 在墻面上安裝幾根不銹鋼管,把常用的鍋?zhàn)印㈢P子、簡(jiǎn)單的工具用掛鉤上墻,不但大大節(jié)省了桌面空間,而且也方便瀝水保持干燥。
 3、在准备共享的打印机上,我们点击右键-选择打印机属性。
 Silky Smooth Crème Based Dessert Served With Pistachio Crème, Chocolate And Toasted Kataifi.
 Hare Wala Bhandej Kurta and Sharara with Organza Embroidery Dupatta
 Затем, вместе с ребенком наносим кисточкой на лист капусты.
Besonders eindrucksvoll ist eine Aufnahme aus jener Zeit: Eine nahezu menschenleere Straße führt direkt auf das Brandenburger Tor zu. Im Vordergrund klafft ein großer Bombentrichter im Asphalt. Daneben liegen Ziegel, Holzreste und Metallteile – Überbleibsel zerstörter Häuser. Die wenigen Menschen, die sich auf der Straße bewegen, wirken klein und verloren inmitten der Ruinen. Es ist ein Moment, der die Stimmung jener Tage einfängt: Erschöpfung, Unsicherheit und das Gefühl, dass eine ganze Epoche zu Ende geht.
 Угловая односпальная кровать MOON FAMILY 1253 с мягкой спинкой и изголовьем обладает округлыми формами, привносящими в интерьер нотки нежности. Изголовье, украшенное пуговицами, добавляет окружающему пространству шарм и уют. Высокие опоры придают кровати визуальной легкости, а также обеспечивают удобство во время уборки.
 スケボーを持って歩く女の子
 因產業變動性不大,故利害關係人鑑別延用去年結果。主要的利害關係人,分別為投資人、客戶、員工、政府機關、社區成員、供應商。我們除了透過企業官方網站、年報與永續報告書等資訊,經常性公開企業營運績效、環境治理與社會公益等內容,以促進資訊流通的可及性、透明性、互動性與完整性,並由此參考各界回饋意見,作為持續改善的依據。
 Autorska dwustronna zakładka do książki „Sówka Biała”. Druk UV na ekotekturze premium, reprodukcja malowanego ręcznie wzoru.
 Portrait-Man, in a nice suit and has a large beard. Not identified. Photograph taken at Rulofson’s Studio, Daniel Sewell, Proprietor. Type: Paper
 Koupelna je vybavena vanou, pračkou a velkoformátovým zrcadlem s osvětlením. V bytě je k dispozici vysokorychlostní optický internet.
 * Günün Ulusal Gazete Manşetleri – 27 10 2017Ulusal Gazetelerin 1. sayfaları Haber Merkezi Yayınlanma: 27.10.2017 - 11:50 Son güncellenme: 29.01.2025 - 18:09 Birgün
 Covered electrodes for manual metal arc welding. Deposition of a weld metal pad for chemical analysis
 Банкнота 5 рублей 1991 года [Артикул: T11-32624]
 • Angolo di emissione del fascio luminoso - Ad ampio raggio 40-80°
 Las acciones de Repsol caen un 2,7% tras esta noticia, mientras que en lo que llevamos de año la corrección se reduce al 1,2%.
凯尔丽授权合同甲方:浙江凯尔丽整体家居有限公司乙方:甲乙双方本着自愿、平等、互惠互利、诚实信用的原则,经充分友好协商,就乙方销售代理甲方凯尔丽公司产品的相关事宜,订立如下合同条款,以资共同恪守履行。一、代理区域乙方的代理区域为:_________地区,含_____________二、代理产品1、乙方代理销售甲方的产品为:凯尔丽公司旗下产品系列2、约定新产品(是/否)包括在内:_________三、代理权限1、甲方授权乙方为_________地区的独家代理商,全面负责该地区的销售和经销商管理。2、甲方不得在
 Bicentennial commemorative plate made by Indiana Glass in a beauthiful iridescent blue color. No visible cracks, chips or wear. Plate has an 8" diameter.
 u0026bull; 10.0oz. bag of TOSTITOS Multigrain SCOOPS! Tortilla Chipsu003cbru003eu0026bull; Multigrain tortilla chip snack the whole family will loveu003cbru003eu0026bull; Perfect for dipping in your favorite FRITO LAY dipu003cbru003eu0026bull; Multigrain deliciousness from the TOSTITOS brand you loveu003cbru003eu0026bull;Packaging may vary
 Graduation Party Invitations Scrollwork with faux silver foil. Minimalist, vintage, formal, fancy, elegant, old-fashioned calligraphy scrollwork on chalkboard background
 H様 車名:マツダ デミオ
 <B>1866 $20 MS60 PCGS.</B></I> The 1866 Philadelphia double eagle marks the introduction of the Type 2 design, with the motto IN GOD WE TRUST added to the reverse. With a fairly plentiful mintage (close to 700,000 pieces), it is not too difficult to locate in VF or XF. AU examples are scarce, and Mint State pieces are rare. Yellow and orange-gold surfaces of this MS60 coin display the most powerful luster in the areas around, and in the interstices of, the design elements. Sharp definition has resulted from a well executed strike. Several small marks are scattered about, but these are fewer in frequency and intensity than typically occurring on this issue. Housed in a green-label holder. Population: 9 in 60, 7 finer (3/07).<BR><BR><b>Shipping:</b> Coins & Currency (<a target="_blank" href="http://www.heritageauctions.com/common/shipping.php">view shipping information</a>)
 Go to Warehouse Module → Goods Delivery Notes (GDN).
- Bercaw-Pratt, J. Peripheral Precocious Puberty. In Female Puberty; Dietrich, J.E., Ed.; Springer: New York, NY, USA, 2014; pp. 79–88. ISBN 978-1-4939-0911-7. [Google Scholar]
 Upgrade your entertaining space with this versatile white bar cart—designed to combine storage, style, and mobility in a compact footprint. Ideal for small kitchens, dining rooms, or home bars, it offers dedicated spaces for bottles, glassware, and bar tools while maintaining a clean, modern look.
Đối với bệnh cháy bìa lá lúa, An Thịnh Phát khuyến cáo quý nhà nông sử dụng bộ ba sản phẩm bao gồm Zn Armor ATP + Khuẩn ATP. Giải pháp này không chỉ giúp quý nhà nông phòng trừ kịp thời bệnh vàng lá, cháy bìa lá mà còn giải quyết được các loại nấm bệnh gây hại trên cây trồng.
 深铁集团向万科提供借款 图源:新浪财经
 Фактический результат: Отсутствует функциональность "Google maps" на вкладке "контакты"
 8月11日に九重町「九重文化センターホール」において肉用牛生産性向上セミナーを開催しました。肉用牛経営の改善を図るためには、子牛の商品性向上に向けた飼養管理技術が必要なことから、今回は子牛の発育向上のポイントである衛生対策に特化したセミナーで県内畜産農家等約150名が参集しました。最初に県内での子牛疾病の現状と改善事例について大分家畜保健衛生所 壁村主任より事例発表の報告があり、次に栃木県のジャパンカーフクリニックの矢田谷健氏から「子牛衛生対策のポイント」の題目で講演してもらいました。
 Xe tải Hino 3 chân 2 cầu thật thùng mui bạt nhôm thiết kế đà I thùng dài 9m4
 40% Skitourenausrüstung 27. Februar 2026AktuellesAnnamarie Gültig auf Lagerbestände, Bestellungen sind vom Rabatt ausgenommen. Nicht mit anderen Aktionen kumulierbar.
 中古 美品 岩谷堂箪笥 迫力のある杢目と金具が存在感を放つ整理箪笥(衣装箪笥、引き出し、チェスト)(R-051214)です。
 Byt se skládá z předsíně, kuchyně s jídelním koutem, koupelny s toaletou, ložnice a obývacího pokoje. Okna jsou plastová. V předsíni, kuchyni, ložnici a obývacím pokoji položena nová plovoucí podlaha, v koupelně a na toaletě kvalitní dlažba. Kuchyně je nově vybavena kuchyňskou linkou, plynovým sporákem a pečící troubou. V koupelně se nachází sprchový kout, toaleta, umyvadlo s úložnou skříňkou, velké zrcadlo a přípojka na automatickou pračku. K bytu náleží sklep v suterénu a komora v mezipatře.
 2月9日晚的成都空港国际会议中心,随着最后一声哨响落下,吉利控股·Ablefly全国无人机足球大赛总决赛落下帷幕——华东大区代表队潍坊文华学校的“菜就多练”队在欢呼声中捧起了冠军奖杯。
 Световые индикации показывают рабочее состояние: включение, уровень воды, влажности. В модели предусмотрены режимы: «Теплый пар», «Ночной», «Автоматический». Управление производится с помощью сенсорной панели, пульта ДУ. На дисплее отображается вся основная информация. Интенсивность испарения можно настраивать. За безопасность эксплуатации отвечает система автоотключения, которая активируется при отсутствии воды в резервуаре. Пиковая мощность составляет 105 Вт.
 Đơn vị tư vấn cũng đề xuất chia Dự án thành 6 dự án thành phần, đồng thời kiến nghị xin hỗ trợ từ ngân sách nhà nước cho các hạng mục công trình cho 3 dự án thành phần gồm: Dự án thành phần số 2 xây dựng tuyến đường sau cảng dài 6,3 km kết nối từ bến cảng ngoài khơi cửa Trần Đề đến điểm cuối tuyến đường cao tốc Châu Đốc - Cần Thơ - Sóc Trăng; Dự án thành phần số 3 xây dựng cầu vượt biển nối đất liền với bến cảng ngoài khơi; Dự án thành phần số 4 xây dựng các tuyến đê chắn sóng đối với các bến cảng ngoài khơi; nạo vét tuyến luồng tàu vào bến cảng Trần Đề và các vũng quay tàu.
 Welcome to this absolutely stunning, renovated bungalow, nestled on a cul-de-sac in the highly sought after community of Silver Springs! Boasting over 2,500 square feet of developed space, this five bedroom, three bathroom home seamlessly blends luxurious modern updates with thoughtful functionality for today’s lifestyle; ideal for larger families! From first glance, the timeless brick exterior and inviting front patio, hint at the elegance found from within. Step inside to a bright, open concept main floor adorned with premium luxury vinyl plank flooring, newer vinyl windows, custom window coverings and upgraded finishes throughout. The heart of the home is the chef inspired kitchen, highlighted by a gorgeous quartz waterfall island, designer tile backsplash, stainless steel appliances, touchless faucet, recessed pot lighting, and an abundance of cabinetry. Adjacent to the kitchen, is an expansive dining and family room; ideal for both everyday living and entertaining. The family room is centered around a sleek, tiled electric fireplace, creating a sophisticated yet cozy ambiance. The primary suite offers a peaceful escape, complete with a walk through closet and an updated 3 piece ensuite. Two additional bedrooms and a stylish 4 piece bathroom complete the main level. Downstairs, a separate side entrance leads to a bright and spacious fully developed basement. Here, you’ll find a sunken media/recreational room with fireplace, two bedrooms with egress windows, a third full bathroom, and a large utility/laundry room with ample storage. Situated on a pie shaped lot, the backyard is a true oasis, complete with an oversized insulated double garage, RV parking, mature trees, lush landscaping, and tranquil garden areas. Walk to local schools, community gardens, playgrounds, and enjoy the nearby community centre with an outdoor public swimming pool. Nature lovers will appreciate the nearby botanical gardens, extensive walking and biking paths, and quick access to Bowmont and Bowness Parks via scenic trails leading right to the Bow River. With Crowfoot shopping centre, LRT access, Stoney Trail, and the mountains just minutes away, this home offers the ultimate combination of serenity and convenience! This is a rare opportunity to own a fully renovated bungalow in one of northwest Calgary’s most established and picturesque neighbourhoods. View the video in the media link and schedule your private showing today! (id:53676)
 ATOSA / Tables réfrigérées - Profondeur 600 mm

------

** Your assignment **
Return exactly what appears above, from the first line of the entries to the line with "Las acciones de", inclusive.

** Output of the task **
 在墻面上安裝幾根不銹鋼管,把常用的鍋?zhàn)印㈢P子、簡(jiǎn)單的工具用掛鉤上墻,不但大大節(jié)省了桌面空間,而且也方便瀝水保持干燥。
 3、在准备共享的打印机上,我们点击右键-选择打印机属性。
 Silky Smooth Crème Based Dessert Served With Pistachio Crème, Chocolate And Toasted Kataifi.
 Hare Wala Bhandej Kurta and Sharara with Organza Embroidery Dupatta
 Затем, вместе с ребенком наносим кисточкой на лист капусты.
Besonders eindrucksvoll ist eine Aufnahme aus jener Zeit: Eine nahezu menschenleere Straße führt direkt auf das Brandenburger Tor zu. Im Vordergrund klafft ein großer Bombentrichter im Asphalt. Daneben liegen Ziegel, Holzreste und Metallteile – Überbleibsel zerstörter Häuser. Die wenigen Menschen, die sich auf der Straße bewegen, wirken klein und verloren inmitten der Ruinen. Es ist ein Moment, der die Stimmung jener Tage einfängt: Erschöpfung, Unsicherheit und das Gefühl, dass eine ganze Epoche zu Ende geht.
 Угловая односпальная кровать MOON FAMILY 1253 с мягкой спинкой и изголовьем обладает округлыми формами, привносящими в интерьер нотки нежности. Изголовье, украшенное пуговицами, добавляет окружающему пространству шарм и уют. Высокие опоры придают кровати визуальной легкости, а также обеспечивают удобство во время уборки.
 スケボーを持って歩く女の子
 因產業變動性不大,故利害關係人鑑別延用去年結果。主要的利害關係人,分別為投資人、客戶、員工、政府機關、社區成員、供應商。我們除了透過企業官方網站、年報與永續報告書等資訊,經常性公開企業營運績效、環境治理與社會公益等內容,以促進資訊流通的可及性、透明性、互動性與完整性,並由此參考各界回饋意見,作為持續改善的依據。
 Autorska dwustronna zakładka do książki „Sówka Biała”. Druk UV na ekotekturze premium, reprodukcja malowanego ręcznie wzoru.
 Portrait-Man, in a nice suit and has a large beard. Not identified. Photograph taken at Rulofson’s Studio, Daniel Sewell, Proprietor. Type: Paper
 Koupelna je vybavena vanou, pračkou a velkoformátovým zrcadlem s osvětlením. V bytě je k dispozici vysokorychlostní optický internet.
 * Günün Ulusal Gazete Manşetleri – 27 10 2017Ulusal Gazetelerin 1. sayfaları Haber Merkezi Yayınlanma: 27.10.2017 - 11:50 Son güncellenme: 29.01.2025 - 18:09 Birgün
 Covered electrodes for manual metal arc welding. Deposition of a weld metal pad for chemical analysis
 Банкнота 5 рублей 1991 года [Артикул: T11-32624]
 • Angolo di emissione del fascio luminoso - Ad ampio raggio 40-80°
 Las acciones de Repsol caen un 2,7% tras esta noticia, mientras que en lo que llevamos de año la corrección se reduce al 1,2%.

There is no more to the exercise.